When I was a child I didn’t need many excuses to explore the vast Sonoran Desert around my home in Tucson, Arizona. Family camping trips in the area, boy scout jamborees, or just the time it took me to ride my bicycle home from school every afternoon, were all great ways to look for and find critters of all shapes and sizes. My mother would simply roll her eyes and worry a little whenever I came home with my latest treasure, some wild thing that I would keep for a short while as a pet before returning it to its home in the desert. Snakes and lizards (including a couple different Gila monsters and even venomous snakes), spade-foot toads and canyon tree frogs, and the occasional horned toad and tarantula were all part of my early menagerie.

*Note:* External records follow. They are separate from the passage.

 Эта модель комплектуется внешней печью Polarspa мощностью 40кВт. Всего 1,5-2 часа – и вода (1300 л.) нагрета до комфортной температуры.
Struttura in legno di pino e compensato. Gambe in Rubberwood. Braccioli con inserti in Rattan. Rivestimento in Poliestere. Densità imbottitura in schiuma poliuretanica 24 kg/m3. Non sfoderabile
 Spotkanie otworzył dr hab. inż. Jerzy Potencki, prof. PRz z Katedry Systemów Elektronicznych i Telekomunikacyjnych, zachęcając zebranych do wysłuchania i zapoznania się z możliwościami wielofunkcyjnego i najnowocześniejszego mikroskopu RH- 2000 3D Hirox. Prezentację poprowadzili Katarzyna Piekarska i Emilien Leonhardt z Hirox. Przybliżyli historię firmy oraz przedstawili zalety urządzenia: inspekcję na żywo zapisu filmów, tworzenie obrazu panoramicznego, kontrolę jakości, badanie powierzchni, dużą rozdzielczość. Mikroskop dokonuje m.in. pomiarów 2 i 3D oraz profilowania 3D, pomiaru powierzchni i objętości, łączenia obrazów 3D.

Oh to have grown up in the Amazon rain forest! This morning I met an 11 year-old version of my younger self in the village of San Francisco. Pedro Nasate is totally enamored of seemingly all the wildlife to be found here near his village. How could life be any better for a kid looking for adventure and critters along the way? With over 380 species of reptiles, 430 species of amphibians, 600 species of mammals, 1,500 species of birds, and a whopping 2.5 million (and counting) insects this place is a wonderland for a youngster with a curious mind and quick hands and feet.
Pedro was only too happy to show me his brown-throated three-toed sloth as well as his baby black caiman, Amazon River turtle, monk saki monkey, and a blue-winged parakeet. After photographing all of his current critters, I noticed while walking around San Francisco I was surrounded by kids with their own wild pets on display. Another young sloth, several parakeets, and many lizards were all proffered when I enquired of youngsters if they had any animal friends!

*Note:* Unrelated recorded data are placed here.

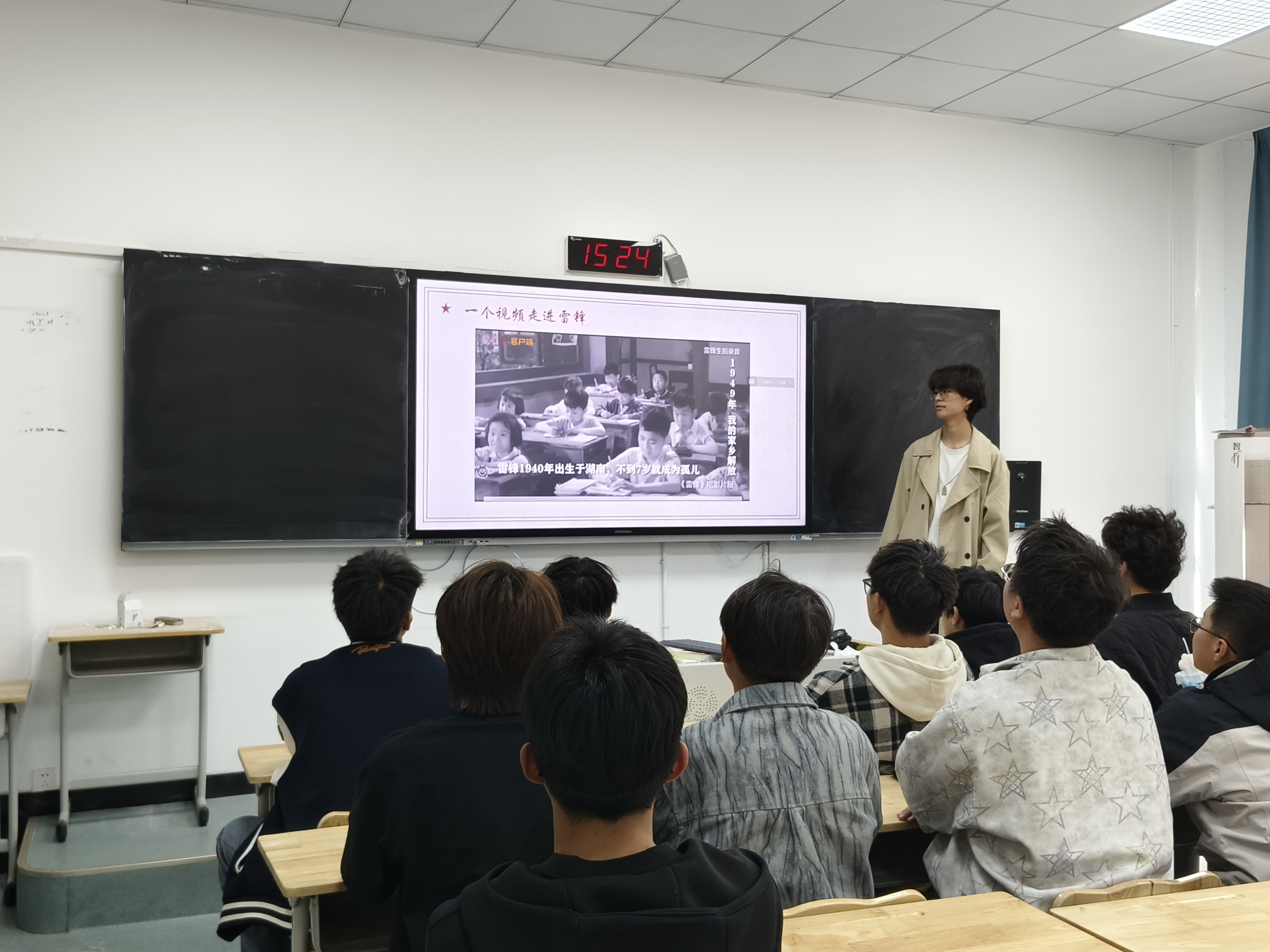 活动伊始,主持人田赛豪以一段视频带领同学们走进雷锋的世界,随后深入阐述了雷锋精神的内涵,让大家对雷锋精神有了初步认识。接着,通过讲述雷锋生平的三个故事,印证了“雷锋出差一千里,好事做了一火车”的佳话,使同学们对雷锋精神的认知更加深刻。在后续环节中,田赛豪从“赏雷锋名言”与“践行雷锋精神”两个角度全面概述,让同学们不仅学到了雷锋精神,更明白了如何在生活中践行。活动最后,田赛豪率先举起右拳,带领同学们庄严宣誓,铿锵有力的声音响彻整个教室,展现出坚定的决心。
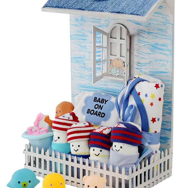 Newborn Baby Boy Picket Fence House Hamper - FA28686
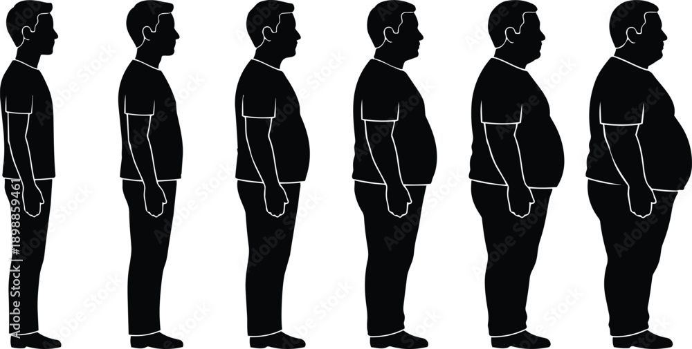 Flat design side view progression of male silhouettes showing gradual weight gain from lean to obese standing in profile with simple black and white minimal contrast #1898859461

Later in the afternoon, exploring Clavero Lake, I contemplated the reason that so many of us travel to such remote places to see and discover for ourselves all the wonders of such a unique area. I like to think that the answer lies in the same impulse that drives kids in tiny San Francisco to go out into the rain forest to find interesting animals to keep for a while, study, then let loose again back to their homes. Could it be simply a child-like wonder of the unknown, the un-experienced, and the unexpected? To go and see, to immerse ourselves into the great outdoors, to simply experience firsthand all that we can fit into our time here on this planet?
As I gather my years I hope to never lose that inner child-like curiosity. I hope to Always Wonder. Like so many of you reading these words, I hope to travel as far as I can, as often as I can, for as long as I can. Hope to see you out there!